2. The Federal Reserve must be democratized and effectively stripped of its peculiar antidemocratic status as an unaccountable island of power within the government. A new federal agency -- accountable to Congress and the president -- can be refashioned from the working parts of the Fed. Call it a central bank or something else, but its governing power must not rest with heavyweight bankers on the board of directors at the twelve regional banks. (To understand why, consider that the New York Federal Reserve Bank was headed until recently by Geithner.)
3. The reformed Fed would be confined to conducting monetary policy and stripped of its regulatory functions. A different section of the Treasury or a new free-standing regulatory agency can assume responsibility for regulation and be armed with strong antitrust laws and other rules to ensure that "too big to fail" institutions are redefined as "too big to save."
4. The federal law against usury can be restored to halt predatory lending. Persistent violators would not be fined with trivial penalties, as they are now, but stripped of their government protections and subsidies -- that is, doomed.
5. A new banking system -- smaller and more diverse and responsible to the public interest -- can fill the hole left by the demise of major banks like Citigroup. Vast public resources should be devoted to creating this system, not to saving the mastodons. Public banks (like the North Dakota State Bank) and nonprofit savings and lending cooperatives can also serve as an important cross-check on private commercial banking -- a competitive model that offers credit on nonusurious terms and keeps the big boys honest.

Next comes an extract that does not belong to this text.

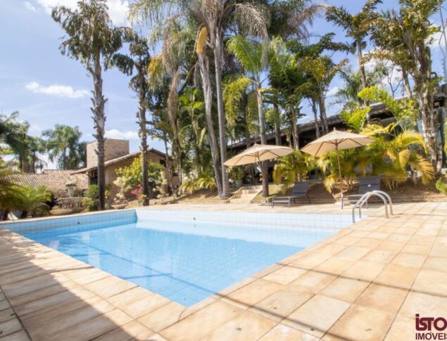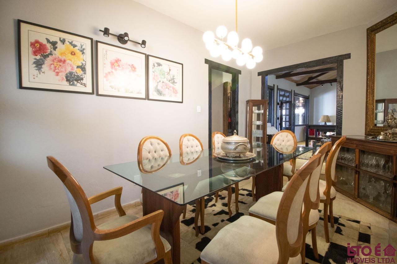 Casa com 03 quartos, sendo dois quartos com suítes completas, banheiro social, copa, cozinha com armários planejados e despensa, 01 quarto pequeno, sala ampla para dois ambientes com 01 lavabo, duas copas grandes. Possui área de lazer com dois banheiros, área coberta em telhado colonial com bancada em granito e fogão. Possui piscina, jardim, horta. Possui vagas para 03 carros.Casa toda murada com jardins em toda a volta.

6. Once the Federal Reserve is domesticated in a democratic fashion, then it can be reformed to assume broad supervision of the nonbank financial firms in the "shadow banking system" -- hedge funds, private equity firms, pension funds, mutual funds, insurance companies.
7. Our first political challenge is to disturb business as usual in Washington and prevent Congress from taking hasty action to adopt Wall Street's "reform" agenda. Congress is rattled by the exploding popular anger and listening nervously. The people need to speak louder -- loud enough for the president to hear.